I am missing all of my teeth and am now wearing a full upper and lower denture. I can no longer tolerate my lowers. Will I need an implant for every tooth I am replacing on the lower jaw?
It is not necessary to have an implant for every tooth that is being replaced. The number of implants necessary to provide support depends on the type of implants used and the type of teeth (removable vs. non- removable) that will be attached to the implants.
For example in this case, if you’re a good candidate for endosseous implants, you may require between 2-8 implants, depending on the technique used to support a full compliment of lower teeth. A thorough oral exam and panoramic x-ray is all that is necessary in most cases, to determine which implant can be used and how many must be used. Sometimes additional x-rays or CT scans are used in more complicated cases.
I can’t keep my upper denture in place for very long without gagging. I also can’t taste or feel the temperature or texture of food very well, so eating is not the pleasure it once was . Can implants help me?

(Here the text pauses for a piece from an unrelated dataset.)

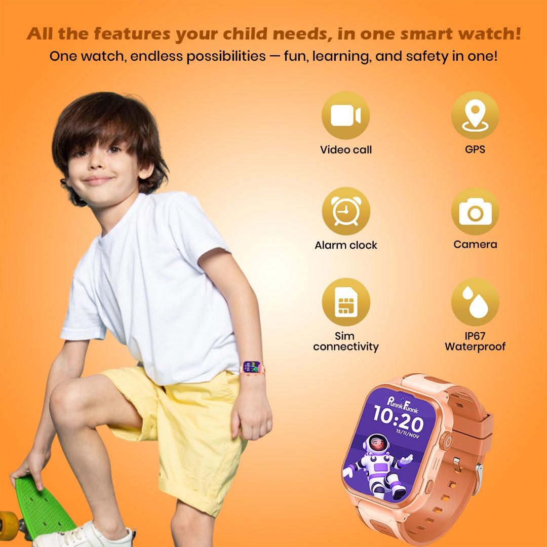 PunnkFunnk Musk Kids Smart Watch 5G/4G with SIM Calling, GPS Tracker, Video Calling, SOS Alerts, Face Unlock, Voice Chat, Games, IP67 Waterproof, 800mAh Battery (Orange)

Probably. Upper dentures cover the roof of the mouth and go back to the soft palate to get support and “seal” so they will stay in place. Unfortunately, this results in covering up the palate and many taste buds. By using implants to anchor or support an upper prosthesis (either removable or nor-removable replacement teeth), the roof of the mouth can be left uncovered so one won’t gag, and can feel the texture, temperature, and taste of foods and beverages much better.
I had a root canal on a tooth that fractured and now it has to be removed. Can it be replaced with an implant or do I have to have a bridge or a partial?
Teeth that have root canals can fracture more easily than other teeth because they are weaker and somewhat dehydrated. They can sometimes be as brittle as glass. In the past the best available treatment was to remove the tooth and file down the adjacent teeth and make a bridge – caps on the adjacent teeth with an attached “dummy” tooth in between. Sometimes this still is the only way. However, in many cases an implant can replace the fractured tooth and no teeth need to be ground down at all.